DESCRIPTION OF THE INVENTION
 The present invention features an insulating cover device 10, FIGS. 1 and 2. The insulating cover device 10 can be of any size or shape to cover any opening, including preferable a gap or opening in a window or doorway. In one embodiment of the present invention, the insulating cover device 10 is constructed as a multi-layered blanket material 12, FIG. 1 with a first side 32 and a second side 34. Typically the second side 34 would be placed against the door or other opening to be insulated while the first side 32 would be facing the heated area.
 The multi-layered blanket material 12 may be of any type such as, for example, available from The Warm Company® in Lynnwood, Wash. The multi-layered blanket material 12 may comprise, for example, four layers, including a layer of reflective polyethylene 24 that provides a vapor proof barrier. The reflective polyethylene 24 may be a metalized poly film with air-trapping fibers. Another layer may consist of hollow polyester fibers 26 that resist conduction and provide a moderate R-value of approximately 5. The multi-layered blanket material 12 will also preferably contain an outer layer 20 and an inner layer 22. These layers 20 and 22 may be made from material such as Tyvek® from Dupont or any other material that can withstand normal wear and tear and present a vapor and air barrier, preferably a synthetic material. The use of multiple layers reduces the flow of air (and energy) through the material. The plurality of layers is preferably quilted together to ensure durability and even covering of the layers. The multi-layered material reduces all major sources of heat loss.
 The multi-layered blanket material 12 is then outfitted with an attachment member 14. The attachment member 14 may be Velcro® brand hook-and-loop fasteners (either pieces or a full length member along the entire perimeter), magnetic strips, a zipper, buttons, snaps or any other form of attachment.
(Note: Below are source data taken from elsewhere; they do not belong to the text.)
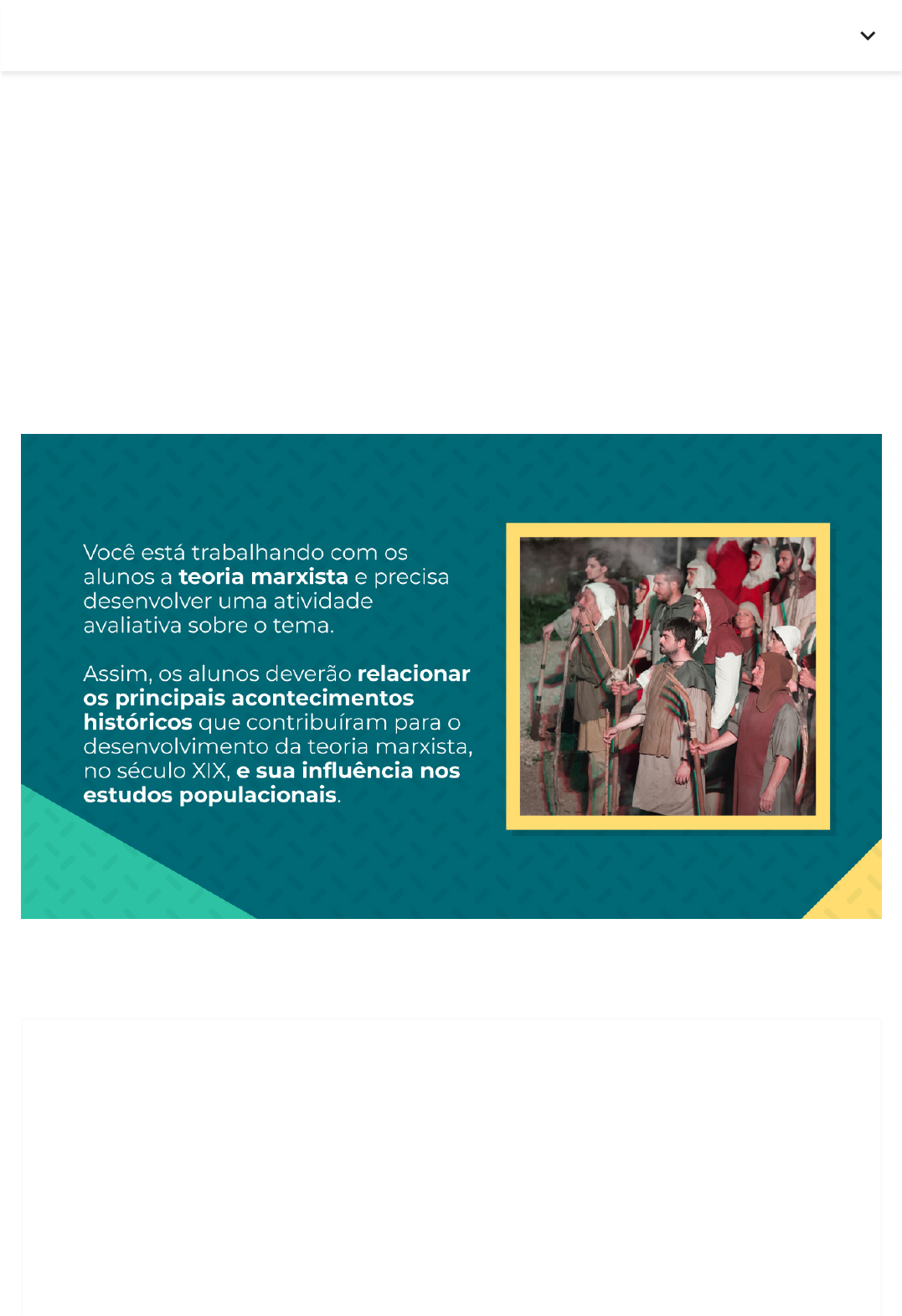15/08/2023, 15:32 As teorias populacionais marxista e reformista :: Plataforma A https://metropolitanasp.grupoa.education/sagah/object/default/53913412 1/2 Desafio Toda teoria social é desenvolvida a par�r de um contexto específico, de uma realidade social observada. As teorias marxistas, que são base para o avanço de inúmeros estudos no campo da Geografia, também �veram como fonte de inspiração acontecimentos em um determinado lugar e momento da história da humanidade. A par�r desse entendimento, vê-se que Karl Marx desenvolveu suas considerações teóricas em um período marcado por profundas transformações nas relações econômicas, de produção e trabalho na Inglaterra, resultado da Revolução Industrial em curso no país. Suponha que você é professor de Geografia do Ensino Médio e está na seguinte situação: Na correção dessa a�vidade, quais elementos históricos você considera que devam constar nos trabalhos realizados? Desenvolva sua resposta. Sua resposta Revolução industrial Lei das terras inglesa Manufatura e artesanato Concentração de terras Propriedade privada dos meios de produção. Anterior Próximo RR 15/08/2023, 15:32 As teorias populacionais marxista e reformista :: Plataforma A https://metropolitanasp.grupoa.education/sagah/object/default/53913412 2/2 Enviado em: 18/07/2023 10:19 Padrão de resposta esperado Entre os acontecimentos históricos que inspiraram o desenvolvimento da teoria de Marx, no século XIX, os alunos devem ao menos considerar: A expulsão dos camponeses ingleses de suas terras, nos séculos XVI e XVII. A acumulação originária, segundo Marx, é a gênese do processo de acumulação do capital, pois envolve a separação do trabalhador dos meios de produção; ocorreu ainda nos séculos XVI e XVII, por meio da expulsão dos camponeses ingleses de suas terras, que deram lugar à criação de ovelhas, cuja lã seria des�nada à produção têx�l. Além de a expulsão dos camponeses de suas terras inflacionar a população das cidades, de acordo com a teoria marxista, é por meio da acumulação do capital que se intensificam as desigualdades sociais. A industrialização na Inglaterra, nos séculos XVII e XIX. A subs�tuição do trabalho manufaturado pelo industrial teve impactos profundos na organização produ�va, econômica e social na Inglaterra e, posteriormente, na Europa, afetando a vida dos trabalhadores industriais, que viviam em situação de extrema precariedade. De acordo com a teoria marxista, foi por meio da industrialização que surgiu o sistema socioeconômico vigente. A estrutura produ�va do capitalismo industrial foi o objeto de estudo de Marx, o que jus�fica a importância de sua presença no trabalho a ser realizado pelos alunos. A primeira fase do crescimento populacional, nos países desenvolvidos e subdesenvolvidos. A primeira fase do crescimento populacional na Europa data do final do século XVIII e início do XIX, período marcado pelo acelerado crescimento demográfico durante a Revolução Industrial. Já a primeira fase do crescimento populacional nos países subdesenvolvidos data da segunda metade do século XX, após a Segunda Guerra Mundial. A questão da superpopulação, em ambas as épocas, levantou – tanto pela teoria marxista, no século XIX, quanto pela reformista, no século XX – ques�onamentos que giraram em torno da relação entre a população e a pobreza. Anterior Próximo RR
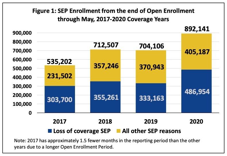 • 2020: 892,141 total SEP enrollments from 12/16 - 5/21 = 5342/day over 167 days
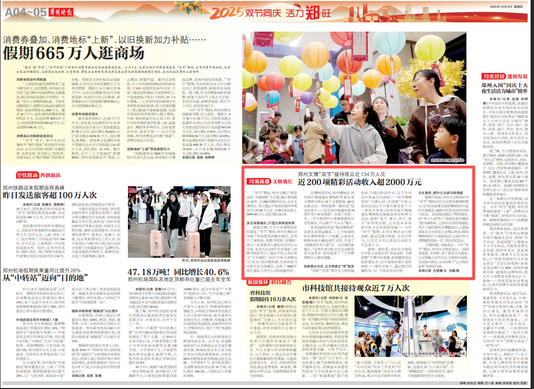 “苏轼”“杜甫”等历史人物穿越而来,与观众吟诗作对,在古今对话中传递文化韵味……郑州博物馆的“月满山河·共团圆”中秋云游夜活动让不少观众感受到了不一样的中秋夜;而郑州商代都城遗址博物院在城隍庙举办的拜月活动,按照“迎月、奠月、拜月、宴月”的传统仪轨,让市民亲身体验中秋文化的深厚底蕴——今年“双节”假期,系列文博活动大胆创新,通过沉浸式体验、互动式参与,让历史文化以更加生动的方式走进大众。
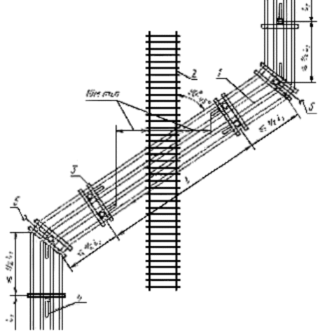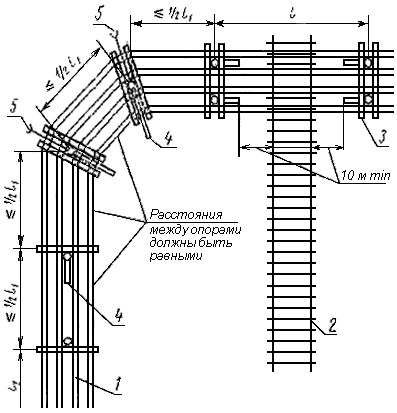 1 - линия ПВ; 2 - полотно трамвая или электрифицированной железной дороги постоянного тока или граница проезжей части дороги троллейбуса; 3 - переходная полуанкерная опора; 4 – подпора; 5 – оттяжка; l - пролет пересечения; l1 - пролет основной линии Для линий ПВ, подвешенных на стойках, установленных на крышах зданий, угол пересечения (в плане) с контактными сетями трамвая и троллейбуса допускается уменьшать до 30°. (Измененная редакция, Изм. № 1). 18. Нижние провода линий ПВ, пересекающие контактные сети (с учетом наихудших метеорологических условий для данной местности: гололед, изморозь или максимальная температура), должны располагаться в пролете пересечения на высоте: не менее 2 м над верхними проводами контактной сети электрифицированной железной дороги постоянного тока; не менее 8,0 м от головки рельса трамвая; не менее 10,5 м от уровня полотна дорожного покрытия троллейбуса. 19. Провода ПВ на опорах и стойках, ограничивающих пролет пересечения, должны иметь двойное крепление 20. В зависимости от типа линий длина пролета воздушного пересечения линии ПВ с контактными сетями электрифицированных железных дорог постоянного тока, трамваев и троллейбусов должна быть минимальная и не превышать величин, указанных в табл. 3. Таблица 3*
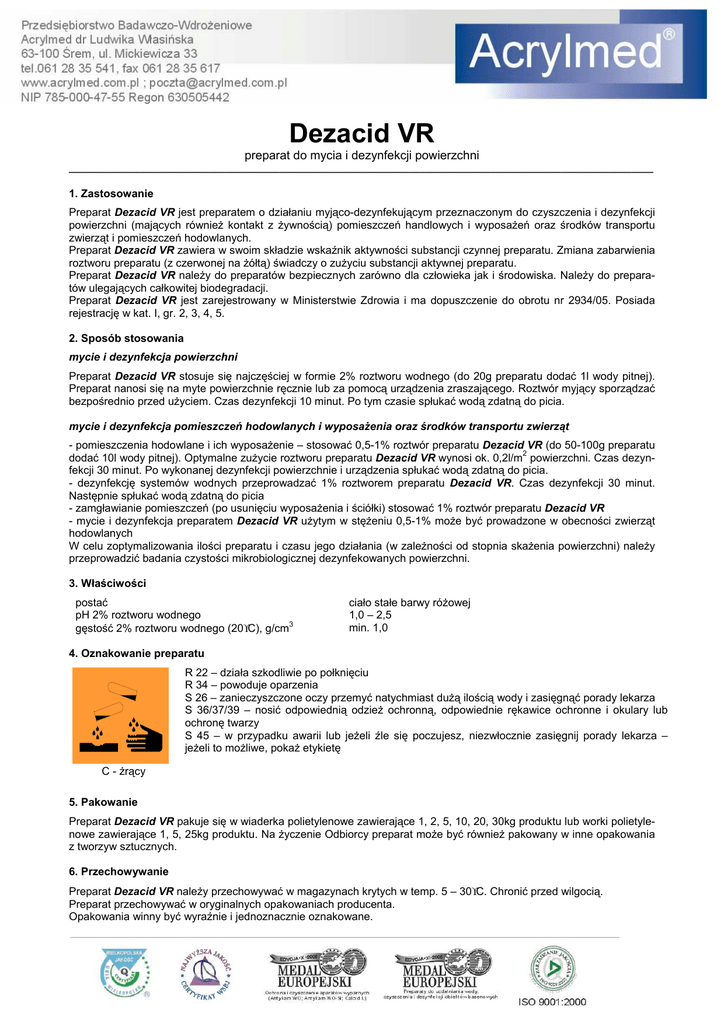 Dezacid VR preparat do mycia i dezynfekcji powierzchni ____________________________________________________________________________________________________________ 1. Zastosowanie Preparat Dezacid VR jest preparatem o działaniu myjąco-dezynfekującym przeznaczonym do czyszczenia i dezynfekcji powierzchni (mających również kontakt z żywnością) pomieszczeń handlowych i wyposażeń oraz środków transportu zwierząt i pomieszczeń hodowlanych. Preparat Dezacid VR zawiera w swoim składzie wskaźnik aktywności substancji czynnej preparatu. Zmiana zabarwienia roztworu preparatu (z czerwonej na żółtą) świadczy o zużyciu substancji aktywnej preparatu. Preparat Dezacid VR należy do preparatów bezpiecznych zarówno dla człowieka jak i środowiska. Należy do preparatów ulegających całkowitej biodegradacji. Preparat Dezacid VR jest zarejestrowany w Ministerstwie Zdrowia i ma dopuszczenie do obrotu nr 2934/05. Posiada rejestrację w kat. I, gr. 2, 3, 4, 5. 2. Sposób stosowania mycie i dezynfekcja powierzchni Preparat Dezacid VR stosuje się najczęściej w formie 2% roztworu wodnego (do 20g preparatu dodać 1l wody pitnej). Preparat nanosi się na myte powierzchnie ręcznie lub za pomocą urządzenia zraszającego. Roztwór myjący sporządzać bezpośrednio przed użyciem. Czas dezynfekcji 10 minut. Po tym czasie spłukać wodą zdatną do picia. mycie i dezynfekcja pomieszczeń hodowlanych i wyposażenia oraz środków transportu zwierząt - pomieszczenia hodowlane i ich wyposażenie – stosować 0,5-1% roztwór preparatu Dezacid VR (do 50-100g preparatu 2 dodać 10l wody pitnej). Optymalne zużycie roztworu preparatu Dezacid VR wynosi ok. 0,2l/m powierzchni. Czas dezynfekcji 30 minut. Po wykonanej dezynfekcji powierzchnie i urządzenia spłukać wodą zdatną do picia. - dezynfekcję systemów wodnych przeprowadzać 1% roztworem preparatu Dezacid VR. Czas dezynfekcji 30 minut. Następnie spłukać wodą zdatną do picia - zamgławianie pomieszczeń (po usunięciu wyposażenia i ściółki) stosować 1% roztwór preparatu Dezacid VR - mycie i dezynfekcja preparatem Dezacid VR użytym w stężeniu 0,5-1% może być prowadzone w obecności zwierząt hodowlanych W celu zoptymalizowania ilości preparatu i czasu jego działania (w zależności od stopnia skażenia powierzchni) należy przeprowadzić badania czystości mikrobiologicznej dezynfekowanych powierzchni. 3. Właściwości postać pH 2% roztworu wodnego gęstość 2% roztworu wodnego (20°C), g/cm3 ciało stałe barwy różowej 1,0 – 2,5 min. 1,0 4. Oznakowanie preparatu R 22 – działa szkodliwie po połknięciu R 34 – powoduje oparzenia S 26 – zanieczyszczone oczy przemyć natychmiast dużą ilością wody i zasięgnąć porady lekarza S 36/37/39 – nosić odpowiednią odzież ochronną, odpowiednie rękawice ochronne i okulary lub ochronę twarzy S 45 – w przypadku awarii lub jeżeli źle się poczujesz, niezwłocznie zasięgnij porady lekarza – jeżeli to możliwe, pokaż etykietę C - żrący 5. Pakowanie Preparat Dezacid VR pakuje się w wiaderka polietylenowe zawierające 1, 2, 5, 10, 20, 30kg produktu lub worki polietylenowe zawierające 1, 5, 25kg produktu. Na życzenie Odbiorcy preparat może być również pakowany w inne opakowania z tworzyw sztucznych. 6. Przechowywanie Preparat Dezacid VR należy przechowywać w magazynach krytych w temp. 5 – 30°C. Chronić przed wilgocią. Preparat przechowywać w oryginalnych opakowaniach producenta. Opakowania winny być wyraźnie i jednoznacznie oznakowane.

A first portion of the attachment member 16 is connected to the second side 34 of the multi-layered blanket material 12 and a second portion of the attachment member 18 is connected to a surface 30, such as the surrounding area of an attic access opening 28. The second portion of the attachment member 18 is preferably placed beyond the opening 28 of the door, window or other element to be sealed.
 A homeowner can easily install the insulating cover device 10 over an existing opening, gap or doorway 28. First, the second portion of the attachment member 18 is connected or applied to a surface 30 surrounding the opening 28. The second attachment member 18 may have a sticky back, which is pressed around the opening 28 or may otherwise be attached to the area surrounding the opening 28 by other known means such as nails, screws, staples, glue of the like. Then, the first portion of the attachment member 16, which has been previously attached to the multi-layered blanket material 12, is attached to the second portion of the attachment member 18. The attachment member 14 forms a secure seal that is not easily penetrated by air, but which is not permanent.
 In one example, the insulating cover device 10 is designed to cover an attic access opening 28. The insulating cover device 10 completely seals off the attic access opening, which reduces or eliminates the air leakage through the opening door itself as well as though any crack or opening surrounding the door 28, and which increases the R value of the door or opening.
 While it is contemplated that the insulating cover device 10 will provide a simple and cost effective solution to insulate the opening of an attic access, the invention is not limited to this application. The invention contemplates the use of the insulating cover device 10 over attic scuttle holes, windows, doorways, knee wall doors, access panels, electrical boxes, and any other place that would benefit from an insulating cover device that can be easily installed and removed as necessary.
 Modifications and substitutions by one of ordinary skill in the art are considered to be within the scope of the present invention.